Immutable Datastructures with good Sharing

[Jan Burse]

Dear All,

Value objects are some well known immutable
datastructures, when an operation is applied,
typically simply a new object is created. So
for example doing:

3 = 1 + 2

With java.lang.Integer objects would involve
creating a new Integer with value left.intValue()
+ right.intValue().

But instead of call the constructor, one can also call
Integer.valueOf(), and there you have some sharing.
Namely the class Integer caches the value objects for
small values (at least the last time I looked into
the Oracle source, it was there...).

More elaborate sharing is seen in the String class
by the substring() operation. This operation does
reuse the original character array and only encapsulates
the offset and the length in a new object. I wouldnt
recomende that to get one character from a 1 MB
long string, since it will prevent the original
character array from GC. But in some situation this
is quite handy.

I am now looking for immutable datastructures with
a similar sharing. In the String class example, the
operation was substring() that produced a new immutable
object. I am looking for:

Some stack class, where: (Easy)
pop() creates a new immutable stack
push() creates a new immutable stack
With good sharing.

Some queue class, where: (Hard?)
enqueue() creates a new immutable queue
dequeue() creates a new immutable queue
With good sharing.

What is your favorite datastructure?

Bye

 

[Stefan Ram]

3 = 1 + 2
With java.lang.Integer objects would involve
creating a new Integer with value left.intValue()
+ right.intValue().

It just needs to behave as-if. The implementation can decide
to not really perform all those operations literally as long
as the program behaves as specified.

Some stack class, where: (Easy)
pop() creates a new immutable stack

The sharing can be implement similarly to the implementation
of the substring operation, because »pop« essentially
is a »substack« operation: .substring( 0, .length() - 1 ).

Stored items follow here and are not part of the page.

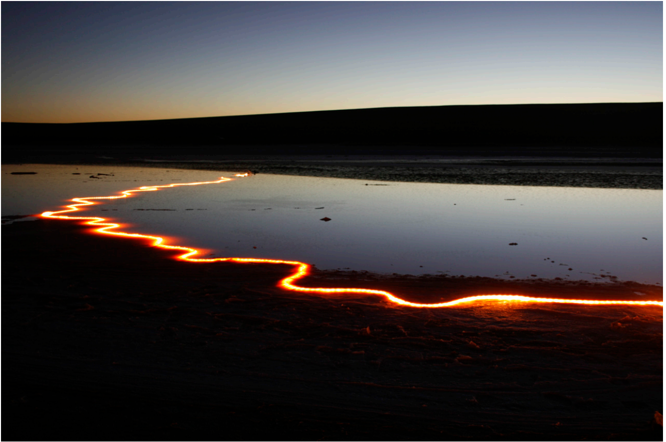
Arc One, Λίμνη Tyrrell, 2009

Τα έργα του είναι ενεργειακά αποδοτικά και ευαίσθητα με το φυσικό περιβάλλον. Με την εφήμερη φύση τους προσπαθούν να θυμίσουν ότι ο κόσμος επικοινωνεί με μας μέσα από την αλλαγή των εποχών, του κλίματος και της τοπιογραφίας.
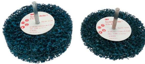
SPAZZOLA DIAMETRO 100X13
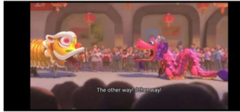
Gambar 8 menit 58.15

Dalam adegan tersebut Lina membantu Din melarikan diri dari orang yang ingin mengambil teko ajaib nya Din.
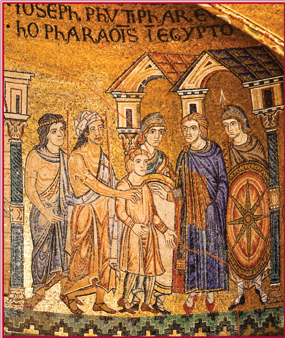
Ὁ Ἰωσήφ μπροστά στον Φαραώ. (Ψηφιδωτό τῆς Βασιλικῆς τοῦ Ἁγίου Μάρκου, Βενετία).
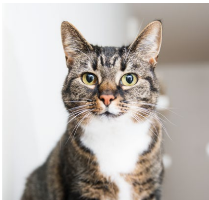
Dolly-kissakin viihtyy Laitilassa.

Riitta Perkkolan mukana Laitilaan muutti myös hänelle rakas perintölipasto. Se kokoaa yhteen tärkeimpiä valokuvia ja esineitä.
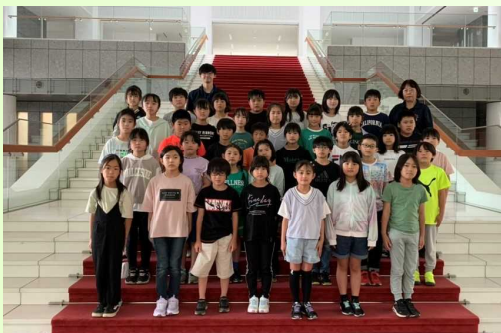
【4年生遠足 栃木県庁・防災館】
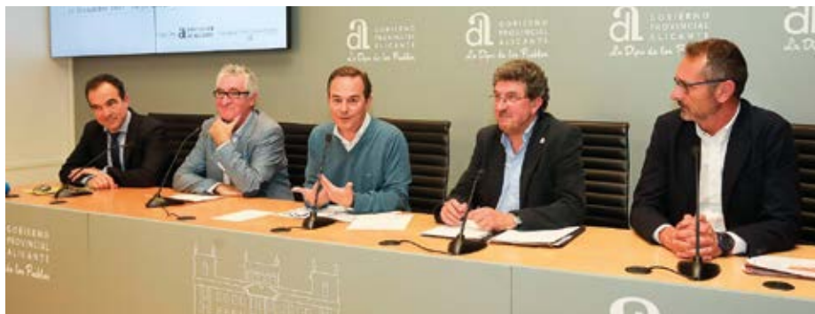
Rueda de prensa en Diputación, Presentación "Música por sonrisas".

directo el agradecimiento del público, de los responsables de Nazaret y de nuestro coro. Pero de justicia es reiterarlo en estas líneas del Periscopio para que perdure y para que los nombres de todos queden unidos en los anales de nuestra Asociación.
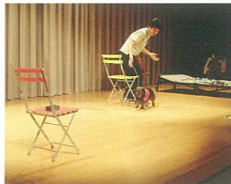
音源への誘導をしている様子
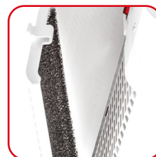
ARGO BOOGIE PLUS

Filtro di purificazione dell'aria, facilmente rimovibile per la pulizia Air purification filter, easy to remove for cleaning (BOOGIE PLUS)
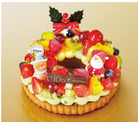
アイビー タルトレット バイ スイーツワゴン X'mas リースタルト
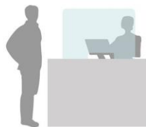
SCHERMO 100X75 H
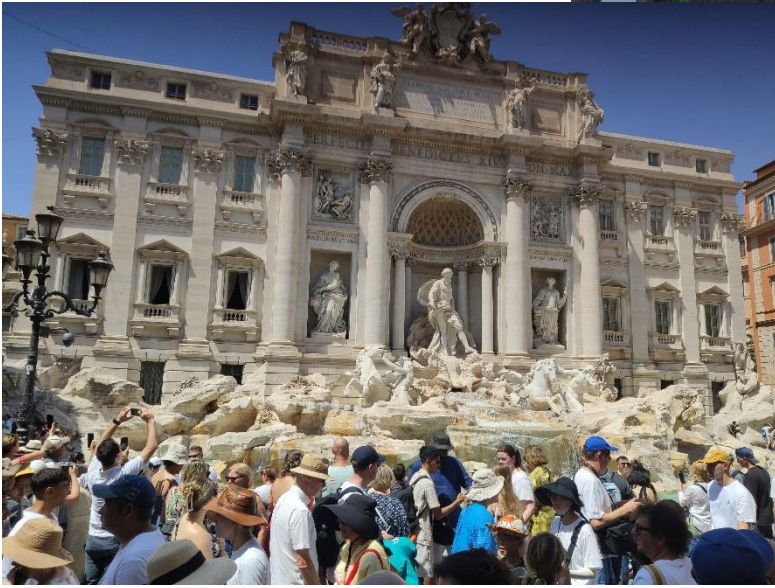
Fontana di Trevi
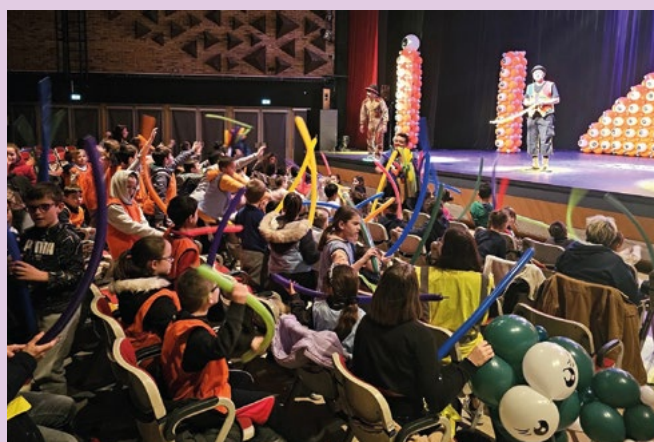
23 - 24 février Festival pour enfants
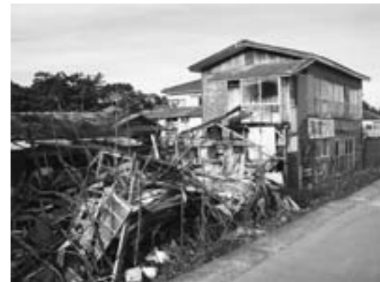
早い解決が望まれる

問 葛浦田浜長砂に長年放置されている廃屋がある。景観を損ねているとともに近隣住民に不安を与えている。町はどのように対応しているか 答 町長 一部は国有地にある建物のため、以前から東北財務局に対し環境整備の要請を再三行っていた。それによると建物撤去は所有者の責任で実施するよう指導しているが今後も継続して指導すること。他の地番は民有地であるため介入することはできない
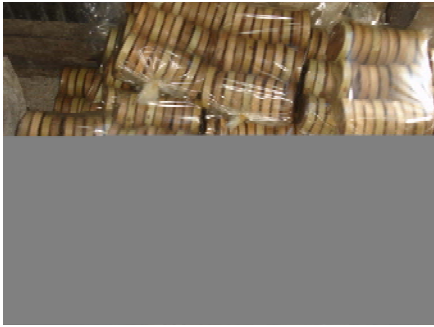
ภาพที่ 15 แสดงการใส่ถุงพลาสติกและยางรัดปากถุง
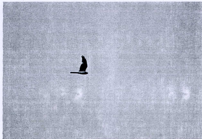
Stäpphök Västvalla 26/6 2007.
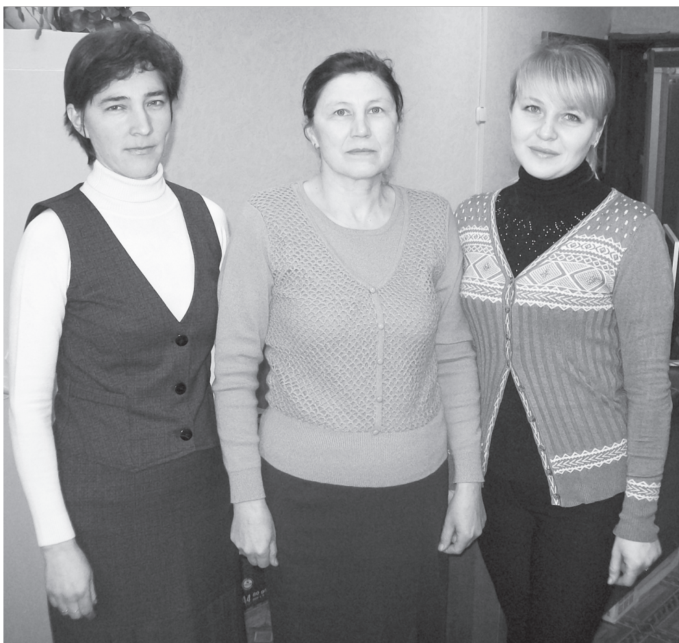
Ыран – Пётём тёнчери хĕрарăмсен кунё
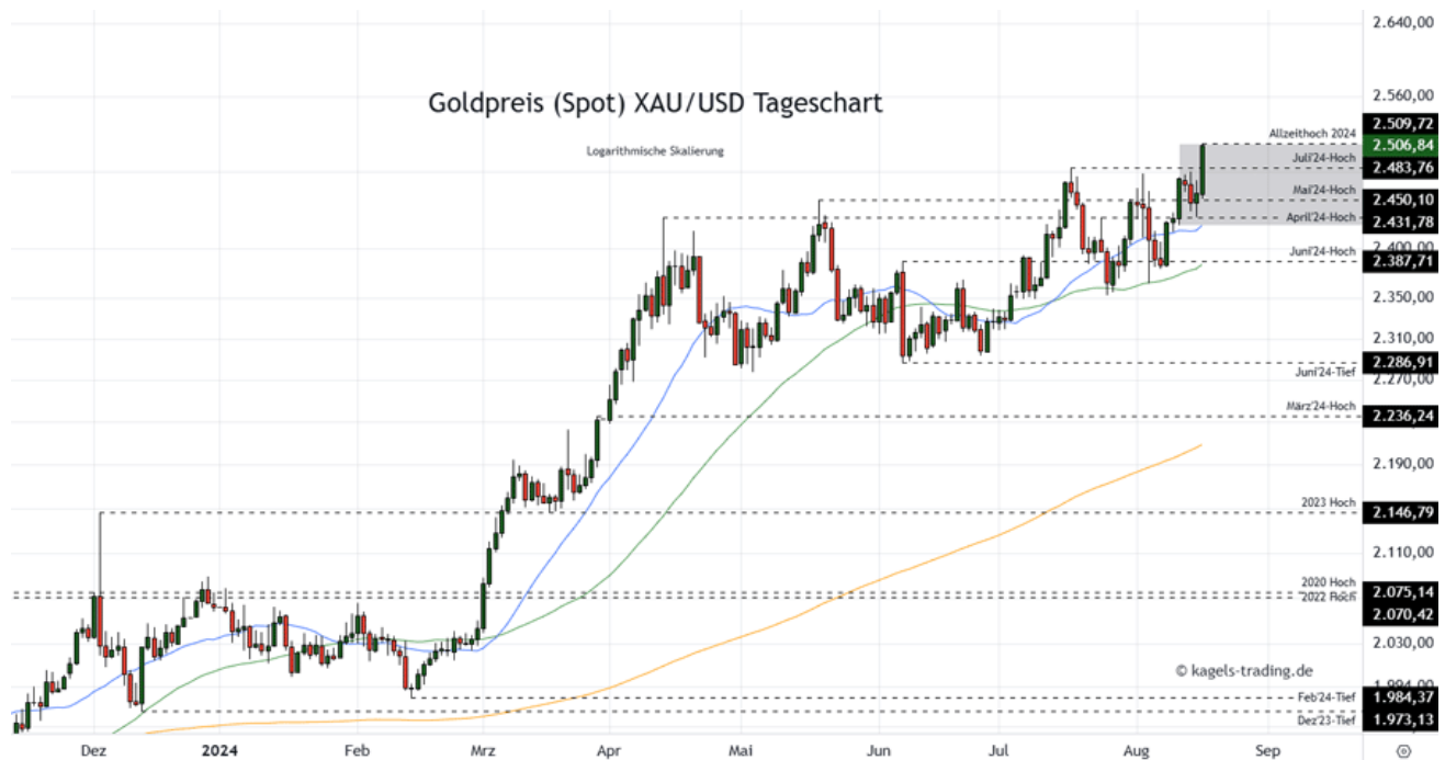
Goldpreis Prognose Tageschart – diese & nächste Woche (Chart: TradingView )

&#149; Mögliche Wochenspanne: 2.490 $ bis 2.600 $

However, in computer science, a stack is well known as a
specific mutable entity with specific performance
properties. So, an »immutable stack« should not be called
»stack«.

 

[Jan Burse]

However, in computer science, a stack is well known as a
specific mutable entity with specific performance
properties. So, an »immutable stack« should not be called
»stack«.

If you take the subdomain of functional programming
in computer science, the people there wouldn't
probably agree. A stack can be viewed as an abstract
datatype:

push : Stack x Element -> Stack
pop : Stack -> Stack x Element | Fault

By the above one would loose the possibility to directly
reference a stack by one process. And then see what
an another process is doing on it.

I am interested in functional programming like
implementations of a stack in Java. That show good
sharing. I know for example of the functional
Java project:

http://functionaljava.org/

I could eventually use something like HList from
there. But these classes are highly parameterized
and I don't know whether good Sharing was on their
primary focus.

The interesting case is the Queue.

Best Regards

 

[markspace]

I am interested in functional programming like
implementations of a stack in Java. That show good
sharing. I know for example of the functional
Java project:

http://functionaljava.org/

This may also be of interest to you:

<http://openjdk.java.net/projects/lambda/>

 

[Lew]

If you take the subdomain of functional programming
in computer science, the people there wouldn't
probably agree. A stack can be viewed as an abstract
datatype:

push : Stack x Element -> Stack
pop : Stack -> Stack x Element | Fault

By the above one would loose the possibility to directly
reference a stack by one process. And then see what
an another process is doing on it.

Your answer does not speak to the inherent contradiction in the term "immutable stack".

 

[Stefan Ram]

What inherent contradiction? Please cite an authoritative reference
that requires that the data structure known simply as a "stack" must be
implemented using mutable instances.

The most authoritative reference whatsoever, world-wide surely is
the renowned internet encyclopedia »Wikipedia«. And this says:

»The push operation adds a new item to the top of the stack«

http://en.wikipedia.org/wiki/Stack_(abstract_data_type)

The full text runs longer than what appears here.